P.S.: Ich zahle nicht

Und selbstverständlich ist dies kein Einzelfall. Selbst Hartz IV-Empfänger, die ein Gewerbe angemeldet haben, also Betriebe, die aufgrund schlechter wirtschaftlicher Situationen auf staatliche Unterstützung zurückgreifen müssen werden von den Zwangskammern unbarmherzig ausgesaugt. Es muss sich darum niemand schämen. Grosskonzerne und Banken bekommen Millionen, gar Milliarden in den, entschuldigung, Arsch gepustet. Warum soll also ein kleiner Gewerbetreibender nicht auch auf sein Recht pochen?

Wie ein “kleiner” Eismann, der unterhalb des Existenzminimums lebte, von der Handwerkskammer Rheinhessen in den “Ruin” getrieben wurde, lesen Sie bitte hier.

Die Zwangskammern sind als überflüssige Vereine einfach skrupellose existenzvernichtende bürokratische Kraken! Mehr nicht!

Und wenn von den Zwangskammern als “gesetzlich legalisierte Mafia” gescprochen wird, so ist dies doch wohl der eindeutige Beweis dafür.

Aber:

Selbst Kammerfunktionäre sprechen sich schon öffentlich gegen die verfilzten und verkrusteten Strukturen, sowie den Kammerzwang aus.

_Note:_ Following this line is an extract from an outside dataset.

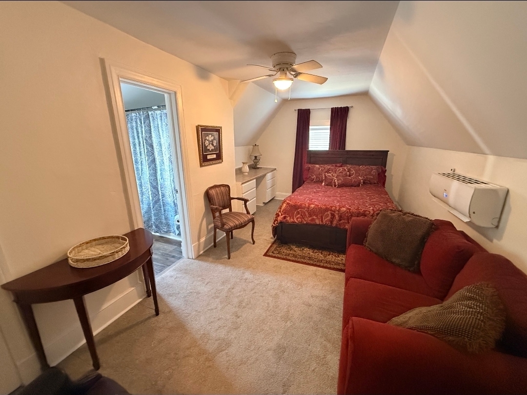 Questo cottage si trova accanto a una casa storica splendidamente conservata, a pochi passi dall'ospedale e dal tribunale, nel cuore del centro di Clinton, NC. Che tu sia in visita per lavoro, per un evento o solo di passaggio, godrai del comfort e della comodità di questo spazio tranquillo e accogliente. La camera dispone di un letto comodo, lenzuola fresche e un bagno privato completamente attrezzato. Avrai anche accesso agli spazi condivisi della casa, tra cui un portico rilassante, una zona pranzo e un patio sul retro.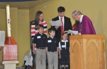 Three youngsters were the first baptisms at the new campus of St. Joseph Church and School. The Athens school community celebrated the event with the Scott family on Friday, April 11. Jackson Scott, who is in second grade, Clayton Scott, in kindergarten, and Anniston Scott, who is in the preschool, were baptized by Father David […] Full Story

Was unter den eigenen Reihen natürlich nicht gern´gesehen und gehört wird. Wer die verfilzten Seilschaftennder Handwerkskammern “angreift” wird “kalt” gestellt.

Zustände wie in der ehemaligen DDR – Erich Honnecker lässt grüssen-

Aber was verlangen wir auch von dieser Regierung? Der gute alte Erich hat uns ja Frau Merkel hinterlassen.

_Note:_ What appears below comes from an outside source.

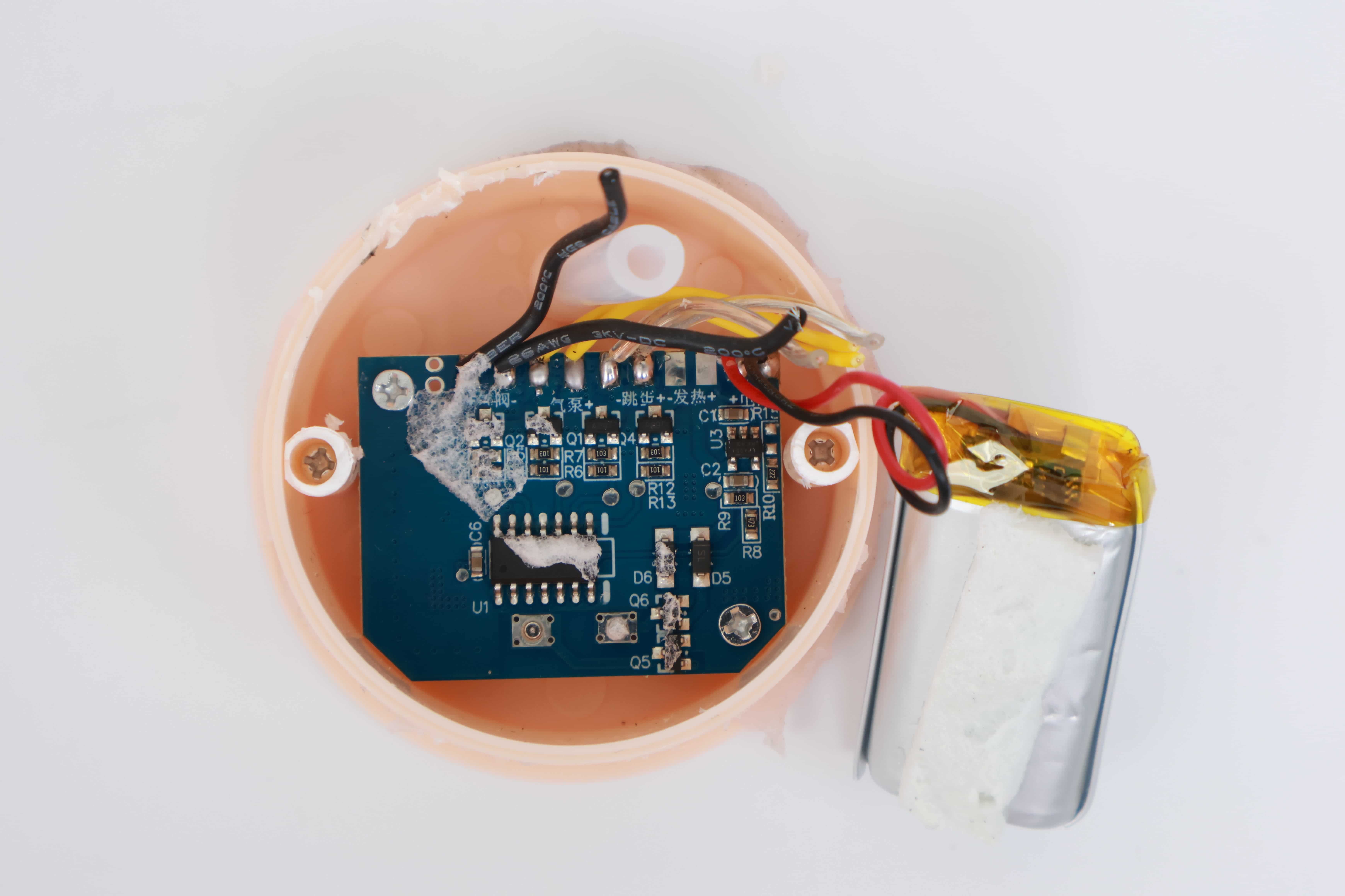 整个一套拆解下来可以看到整个电机由芯片和电池组成的”logo”区和”气泵”区组成,跳蛋则穿过整个电机区独立存在,整体上来说集成度还是很可以了;芯片上可以看到用汉字清楚的写到了有哪些功能,这里甚至还能看到发热功能的区域,不过并没有东西焊在那里,这或许是设计最初时还有发热功能?或者这个电机只是一个公模?杯友们怎么看呢!拆解白丝3电动版还让大木找到了些许童年时拆机器人的快感,这也算是个小乐趣了。

Eine Bundeskanzlerin, die vor der Wende noch den Westen verteufelte, 1991 in einem Interview sogar zugab “Ich war gerne in der FDJ”.
Eine Frau die von anderen fordert Ihre Stasivergangenheit zu veröffentlichen. Ihre Akten jedoch hinter dicken Panzerschränken sicher aufbewahrt.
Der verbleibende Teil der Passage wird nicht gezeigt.